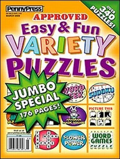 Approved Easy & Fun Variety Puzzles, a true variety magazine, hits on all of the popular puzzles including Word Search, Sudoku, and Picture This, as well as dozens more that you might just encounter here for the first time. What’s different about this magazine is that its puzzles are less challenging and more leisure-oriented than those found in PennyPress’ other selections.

===============

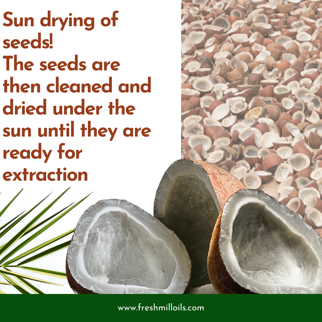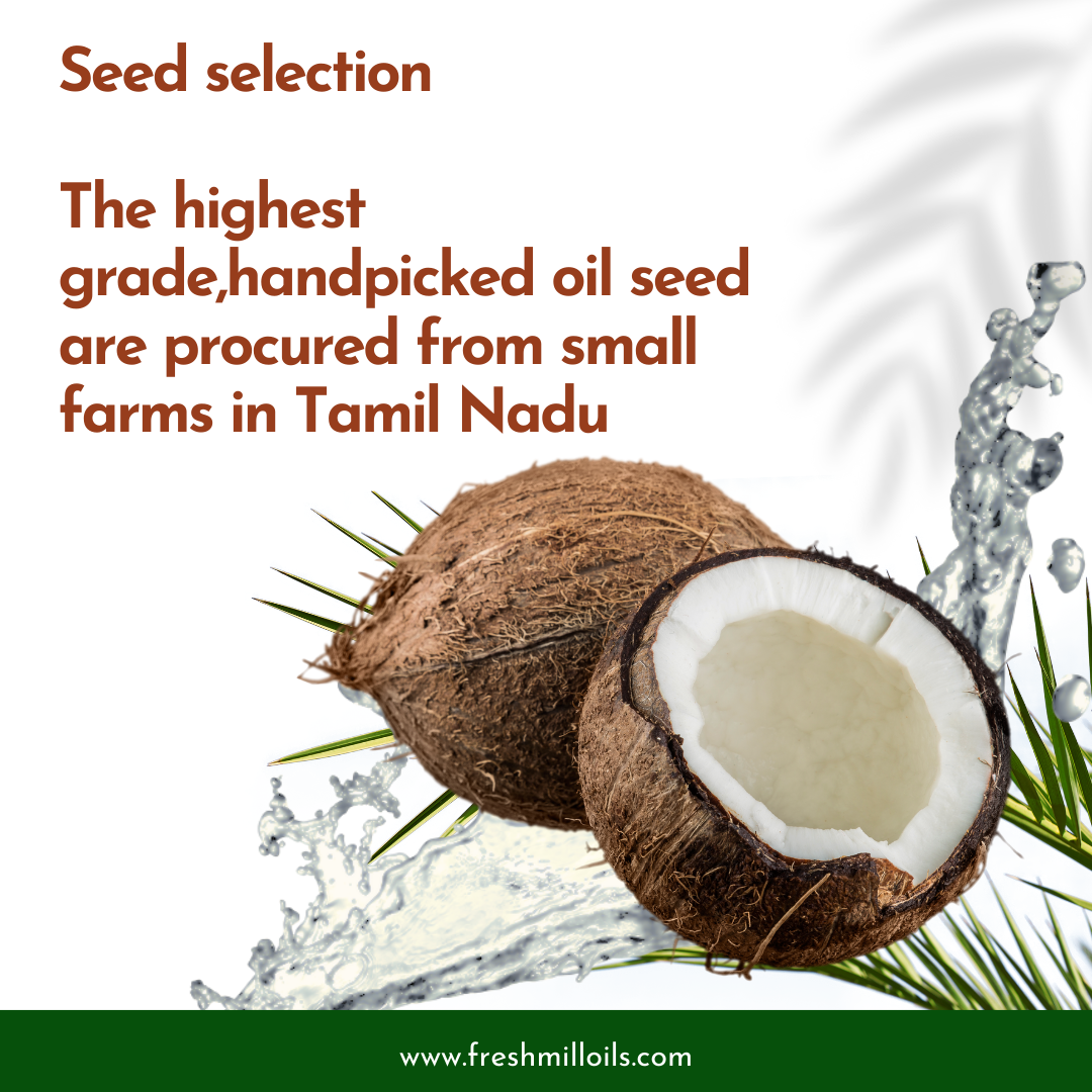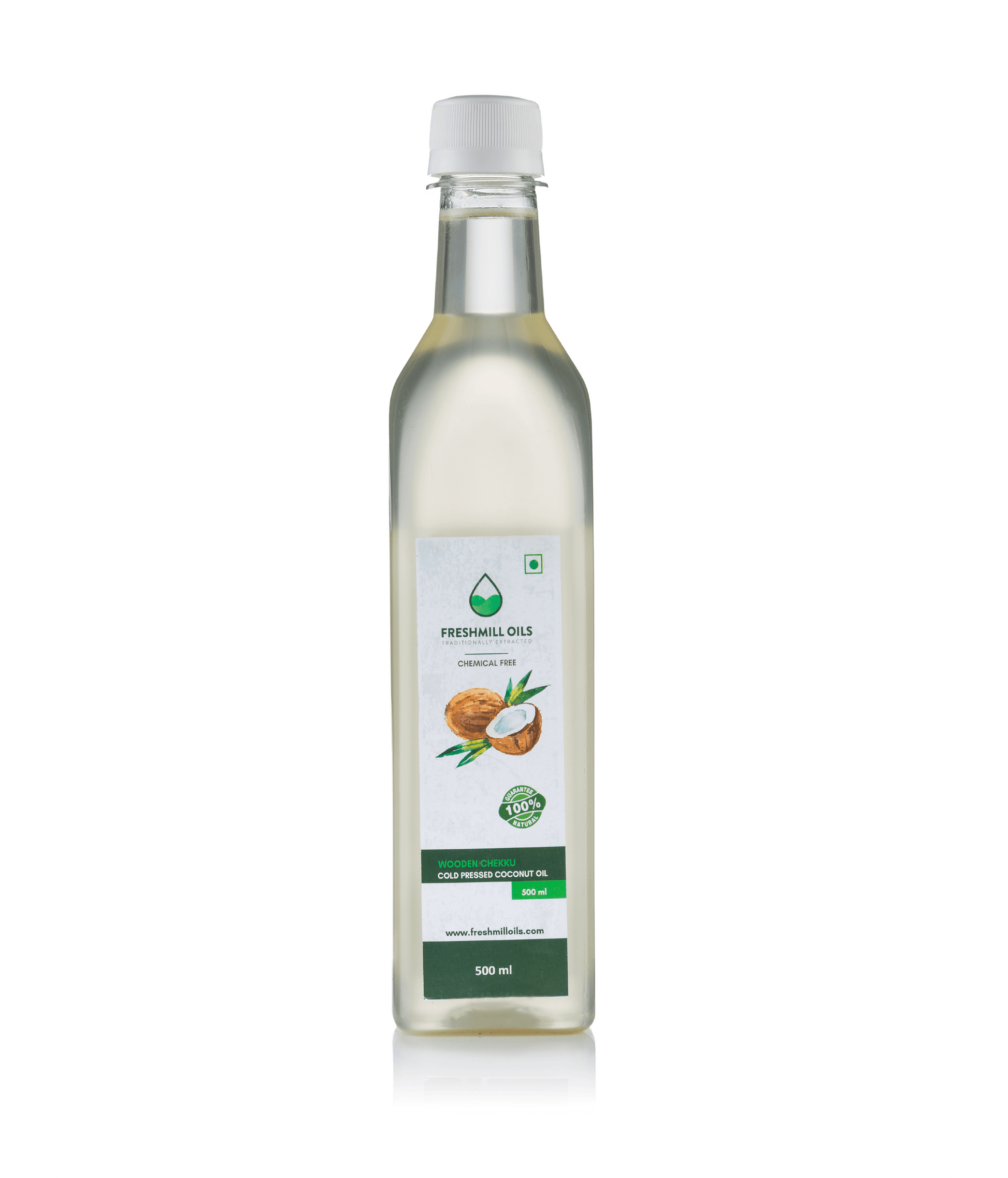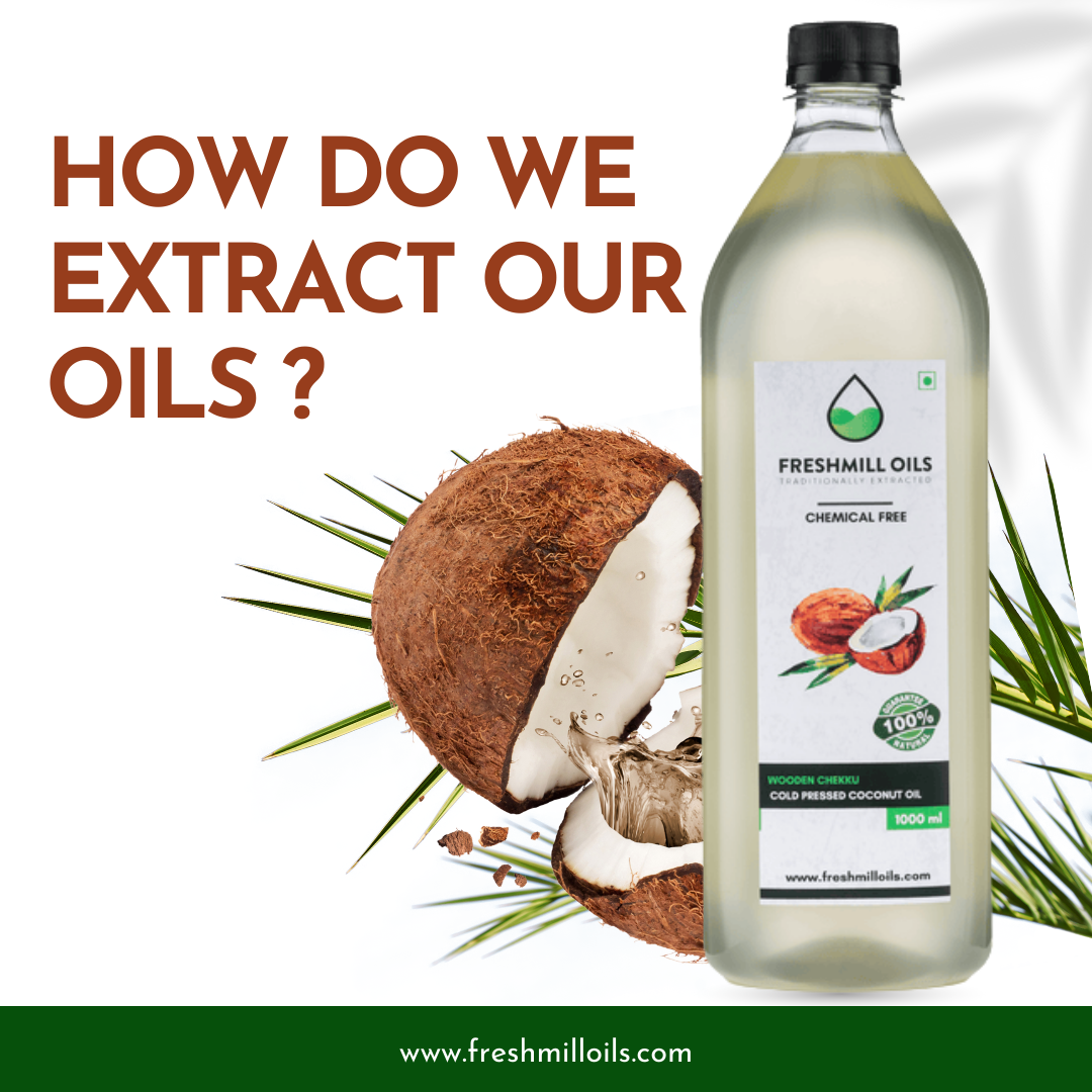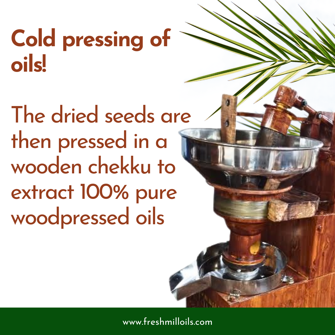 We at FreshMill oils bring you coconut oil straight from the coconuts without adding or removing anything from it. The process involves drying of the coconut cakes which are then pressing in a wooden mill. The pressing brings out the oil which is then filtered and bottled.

===============

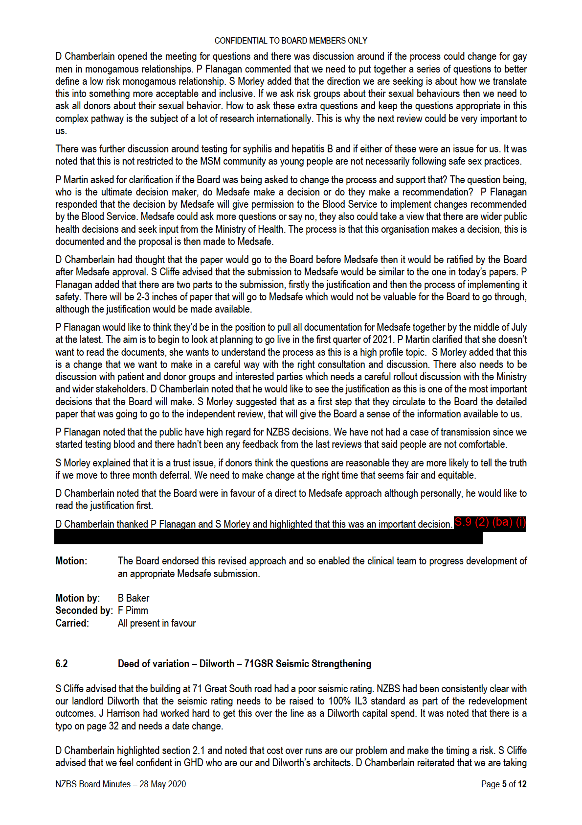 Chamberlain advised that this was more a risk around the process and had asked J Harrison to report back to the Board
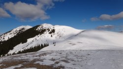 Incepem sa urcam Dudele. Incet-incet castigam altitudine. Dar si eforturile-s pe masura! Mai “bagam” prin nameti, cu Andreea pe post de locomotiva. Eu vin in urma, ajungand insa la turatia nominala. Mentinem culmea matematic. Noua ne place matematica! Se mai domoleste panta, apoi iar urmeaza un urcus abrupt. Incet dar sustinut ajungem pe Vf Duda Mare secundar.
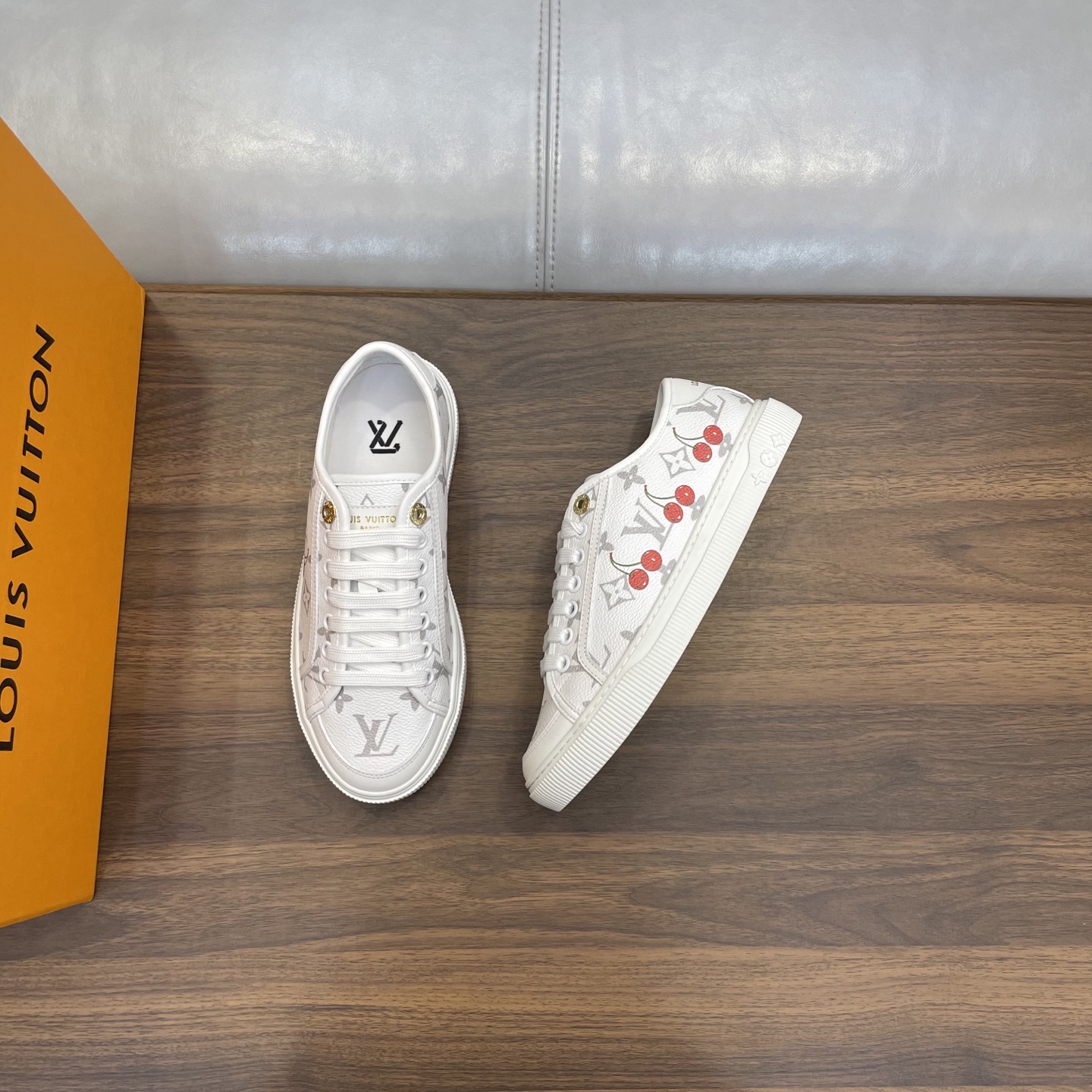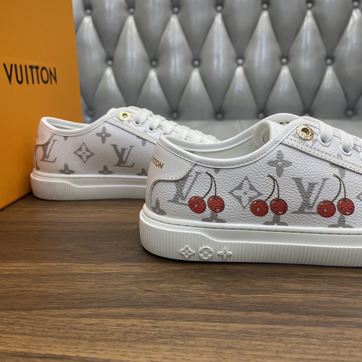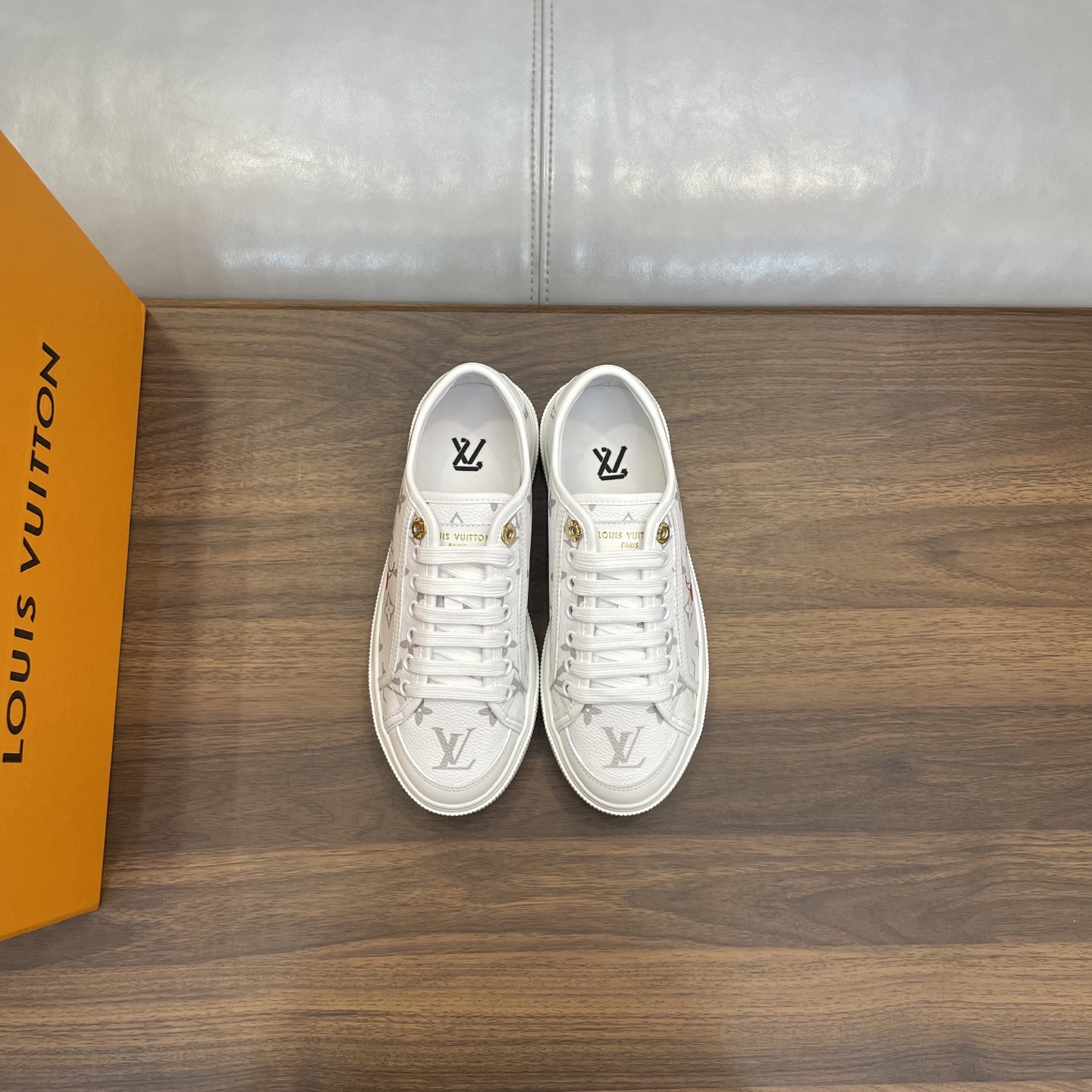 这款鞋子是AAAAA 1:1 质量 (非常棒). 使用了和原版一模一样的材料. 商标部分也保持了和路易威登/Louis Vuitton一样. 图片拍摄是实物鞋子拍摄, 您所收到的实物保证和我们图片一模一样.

===============

Working from the records above, set down word for word everything from the line containing "Incepem sa urcam" down to the line containing "这款鞋子是AAAAA 1:1 质量", ends included, minus the pictures.

 Incepem sa urcam Dudele. Incet-incet castigam altitudine. Dar si eforturile-s pe masura! Mai “bagam” prin nameti, cu Andreea pe post de locomotiva. Eu vin in urma, ajungand insa la turatia nominala. Mentinem culmea matematic. Noua ne place matematica! Se mai domoleste panta, apoi iar urmeaza un urcus abrupt. Incet dar sustinut ajungem pe Vf Duda Mare secundar.
 这款鞋子是AAAAA 1:1 质量 (非常棒). 使用了和原版一模一样的材料. 商标部分也保持了和路易威登/Louis Vuitton一样. 图片拍摄是实物鞋子拍摄, 您所收到的实物保证和我们图片一模一样.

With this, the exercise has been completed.